As a college student in Memphis, Clara Ester was following the sanitation workers’ strike that had brought the Rev. Martin Luther King Jr. to town in April 1968.
And she was with some of his associates outside the Lorraine Motel, walking to a diner to have some catfish, when she heard the gunshot that ended his life.
“I never took my eyes off of him. I’m watching him being lifted up and being thrown back,” Ester recalled Wednesday, 50 years to the day after King was killed.
She doesn’t remember quite how she got up to the balcony where his body lay. But moments later, there she was with the others, at his side.
“I knelt down and tried to get a pulse, and barely anything was beating,” she said. “So, I unbuckled his belt … trying to aid him in getting air.

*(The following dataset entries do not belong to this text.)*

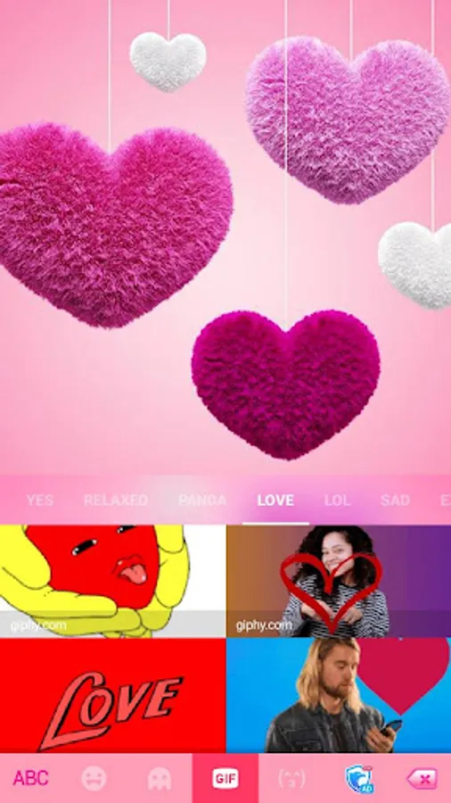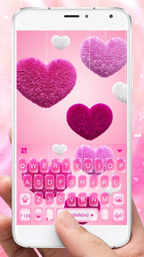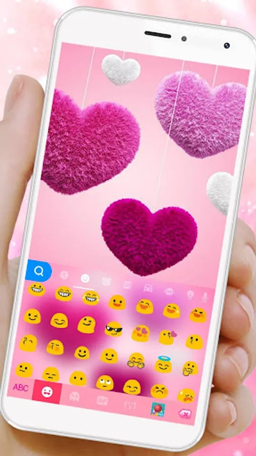 * Enjoy Valentine Plush Heart Keyboard Theme with cute emoji and delicate fonts.
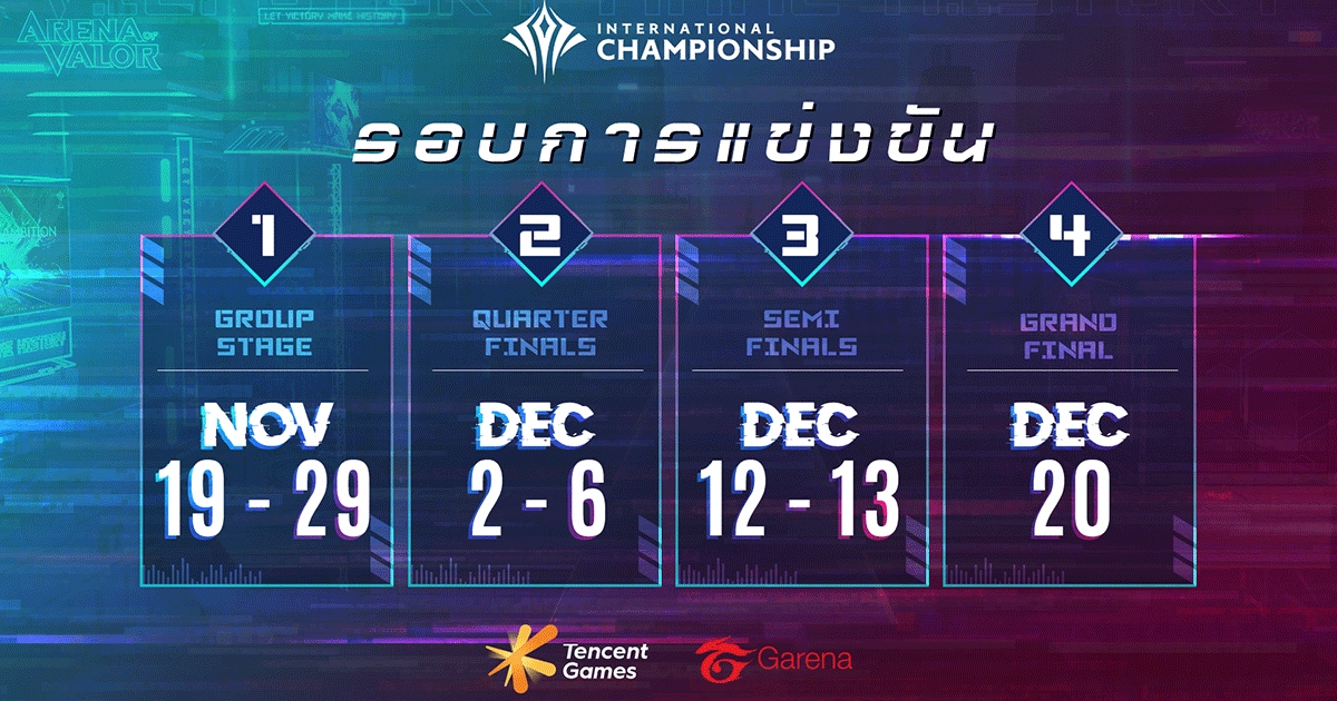 RoV เตรียมเฮ! พบกับการกลับมาครั้งยิ่งใหญ่ของทัวร์นาเมนต์ RoV ระดับนานาชาติ การแข่งขัน Arena of Valor International Championship 2020 (AIC 2020) ในระบบออนไลน์เต็มรูปแบบ พร้อมลูกเล่นใหม่ให้ผู้ชมทางบ้านได้ร่วมสนุกกับประสบการณ์โลกเสมือนจริงในช่วงการถ่ายทอดสด พร้อมกัน 19 พฤศจิกายนนี้
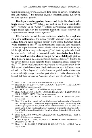 rına ciro edilmemiĢse, bu senede yönelik olumsuz tespit davasının
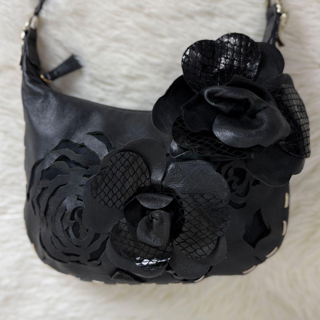 バッグ正面にレザーのローズ・フラワーデザインになっている希少デザインで、とても可愛いです。
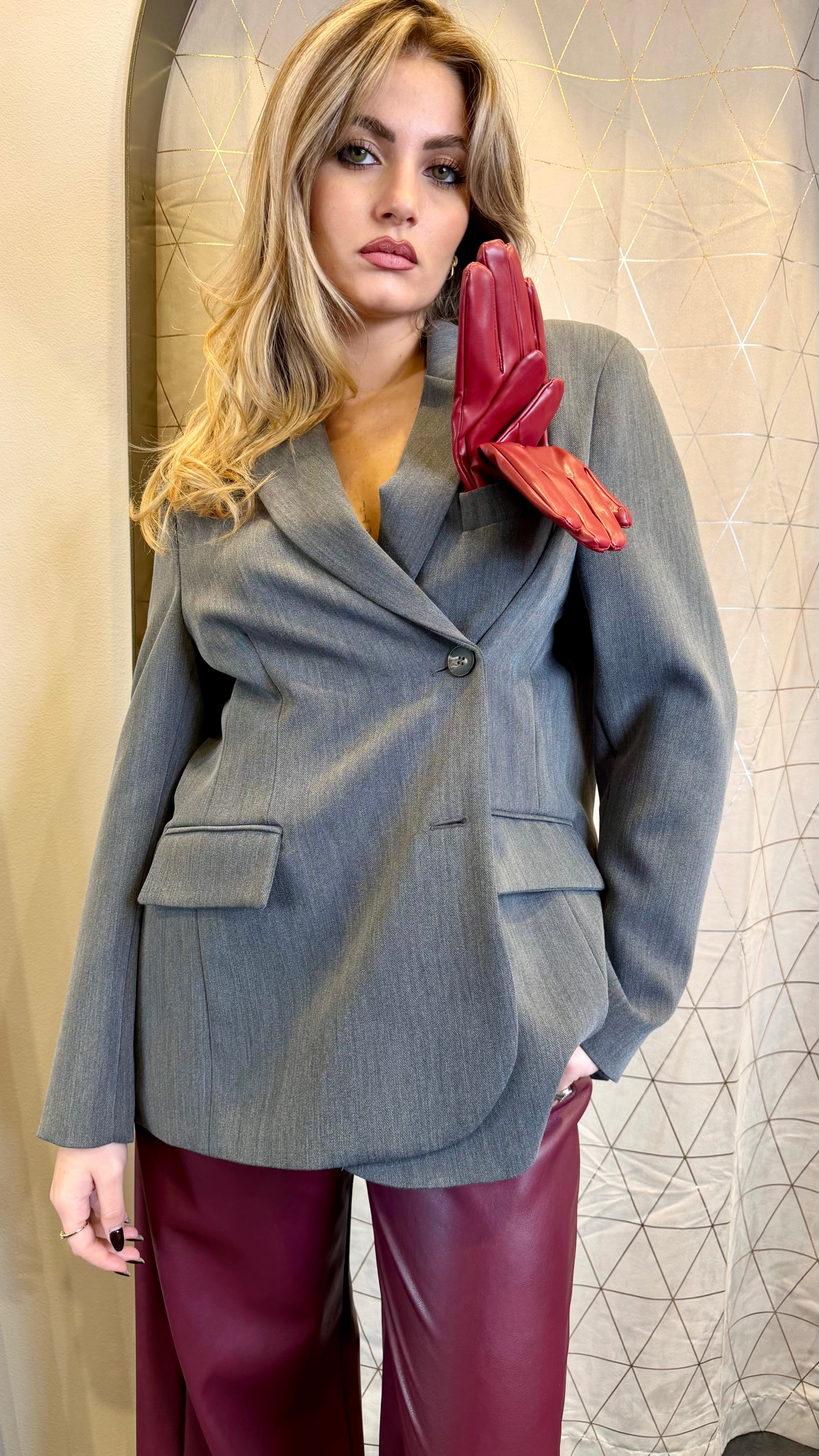 • Blazer con abbottonatura asimmetrica e guanti

“I indicated for someone to get towels out the linen hamper that was on the balcony. And then I removed myself so that Marrell (McCollough) could put the towel on his neck and try to slow down the bleeding process.”

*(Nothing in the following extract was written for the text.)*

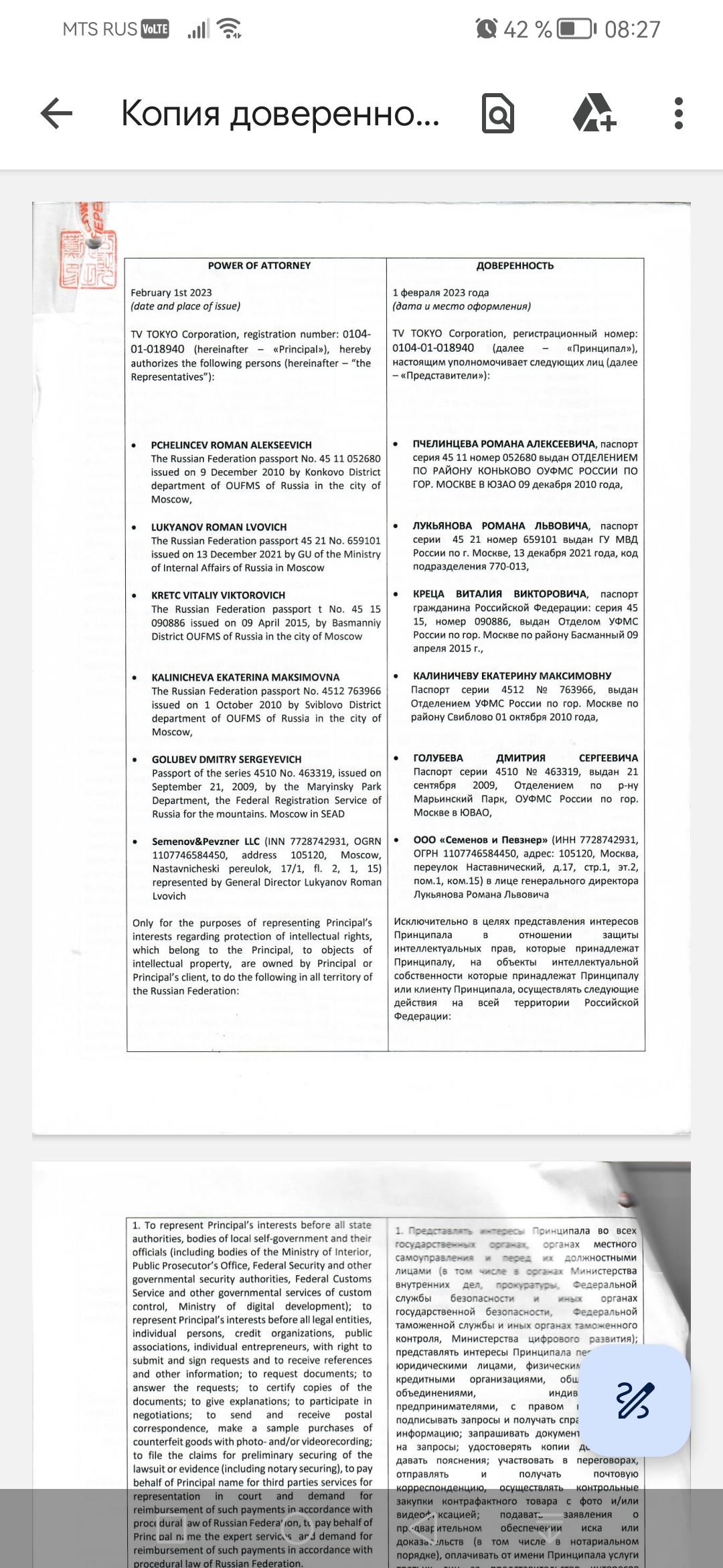 Сап, хочу обратиться к вам, анонсы-юристы и аноны, проживающие в Японии. Насколько реально обратиться к TV Tokyo corporation с просьбой проверить доверенность, якобы выданную ноунеймам в рашке на авторские права по "Наруто"? TV Tokyo corporation не отвечают на сайте, в России идет волна претензий и исков от группы юристов, наживающихся на мелких ИП. Хрен бы с ним, штрафы по авторскому праву, но не хотелось бы платить черт знает кому за маленькое изображение Наруты на наклейках по 100000 р. Нужно проверить реальна ли эта доверенность, реален ли вообще человек, выдавший ее в Японии, посредством прямого письма. Всем спасибо.
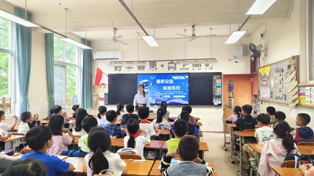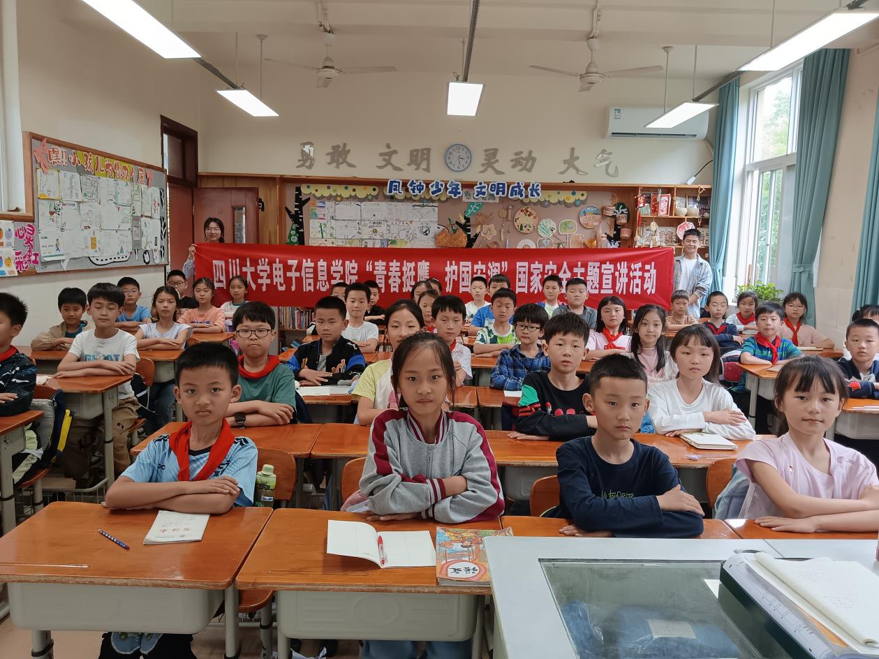 (国家保密学院)“电子之鹰”青年宣讲团走进川大附小,开展了一场主题为“国家安全,保密先行”的宣讲活动。宣讲团团长莫斌斌、成员谭晶晶参加宣讲活动。

Ester told CNN’s Erica Hill that every April 4 since then has been difficult to bear, in part because pictures from the assassination scene are re-circulated in the news media.
But it’s more difficult to deal with now, she says, “primarily because we have circled back to where we may have been 50 years ago as far as what’s just and right for God’s people — all of God’s people, and not just a selected few.”
“Economic inequality was an issue in 1968 with sanitation workers. Economic inequality is still an issue today,” she said. “Criminalization of people of color; maternal health care; our educational system. Here in the city where I live, we have a predominantly African-American high school now.
“So, I ask myself often: Where do we go from here? It has to be through love, building relationships with other people, and trying to make a difference. And speaking out. We have to start speaking out.”